Doch das schlichte Fachwerkhaus scheint seine besten Gastro-Jahre schon einige Zeit hinter sich zu haben. Nachdem wir vom Hausherr etwas nonchalant begrüßt wurden, setzten wir uns in den Gastraum, der irgendwo zwischen Weinbeiz und Stammtischkaschemme einzuordnen war. Lediglich vier Tische und ein Thekenbereich, an den sich die dahinter liegende Küche anschloss, waren auszumachen. Über einen Durchgang gelangte man zu einem wesentlich größeren Gastraum, der bei Hochbetrieb oder beim Besuch größerer Gesellschaften ins Spiel zu kommen schien. Oben über der Theke ein Gastro-Mantra älterer Tage: „Das Beste nur aus Küch‘ und Keller, gibt es hier im Gasthaus Weller.“ Na, das kann ja noch heiter werden, dachte ich mir….
Etwas weiter rechts hing über dem Stammtisch ein ausgebreiteter Schal des 1.FC Kaiserslautern, dem Pfälzer Traditionsclub, der scheinbar ähnlich wie das Weinhäusel eben nur noch von dieser lebt. Eine verblüffende Koinzidenz, die mir allerdings erst später in den Sinn kam. Ansonsten war das Innere vom Stil her in den 70ern hängen geblieben. Einfach gehaltene Holzbestuhlung, Eckbänke und Tische im Look früherer Tage. Nicht nostalgisch, sondern eher anachronistisch wirkend.

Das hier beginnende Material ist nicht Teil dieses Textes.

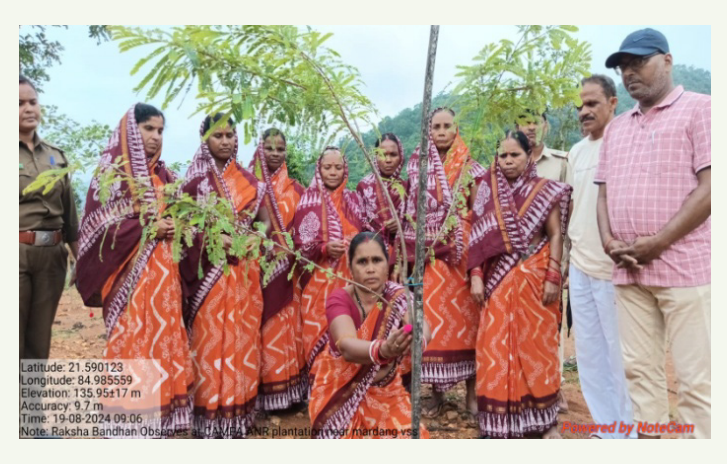
Awareness building through Raksha Bandhan at Mardanga VSS, Deogarh Division
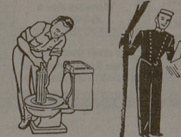
Working Two Jobs
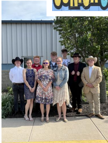
Juniors & Seniors Enjoyed Their Night Out on Saturday, May 10 th at Los Pitayos and Laser Web.

Ein eher flapsiger Umgangston machte hier die Musik und so mussten wir erst mal erklären, was uns Südpfälzer denn hier in die nördlicheren Lagen verschlagen hatte. Keine Ahnung, was die Stammkundschaft über die beiden Südpfälzer-Wandervögel dachte, aber es muss schon reichlich seltsam gewirkt haben, da einer von ihnen gleich mal ein Bier bestellte. Das war ich. Ich wusste, dass wir heute noch so einige Gläser guten Rebsaftes zu uns nehmen würden, daher die ungewöhnliche Order. Das Bier stammte ebenfalls von einem Weller, nämlich aus der Brauerei Weller aus dem mittelfränkischen Ort Erlangen. Ich goss mir das rotblonde untergärige Vollbier ins Glas. Es war aber leider weder süffig, noch köstlich, wie es auf dem Beipacketikett angepriesen war, sondern schmeckte irgendwie sauer. Und tatsächlich „wie sauer Bier“ vegetierten wohl auch die Flaschen schon eine Weile im Weinhäusel vor sich hin. Ein Blick auf das Etikett auf der Rückseite ließ keine Zweifel. Das Bier war schon seit April dieses Jahres nicht mehr haltbar.

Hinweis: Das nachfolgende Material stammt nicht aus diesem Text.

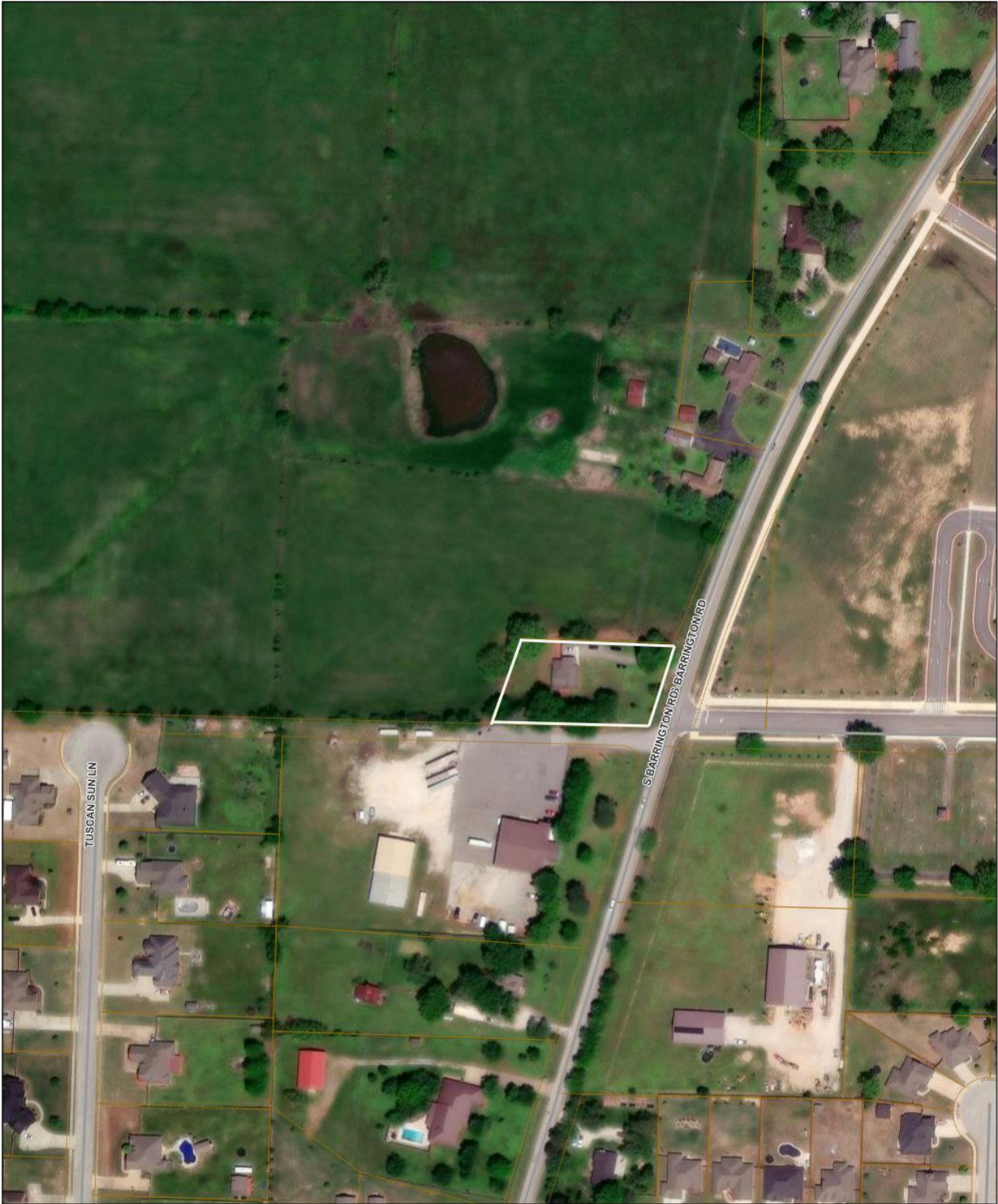
FIGURE 1: VICINITY MAP

Ich wies das freundliche, aber ahnungslose Fräulein vom Service auf diesen Umstand hin und ging geläutert zu Wein über. Eine Weißburgunder Spätlese von der Einselthumer Lage Klosterstück wurde mir als gutes Viertel kredenzt. Preislich war dieser gutseigene Tropfen im Rahmen, geschmeckt hat er mir jedoch nicht. Alt und muffig in der Nase, leicht oxidativ und außerdem ohne jegliche Säure oder Mineralik. Sprich: ein recht belangloser Weißer, den ich dennoch trotzig in mich hinein kippte. Ich setzte einfach auf die Schwere der hier angebotenen Hausmannskost, die das in meinem Magen schon regeln würde.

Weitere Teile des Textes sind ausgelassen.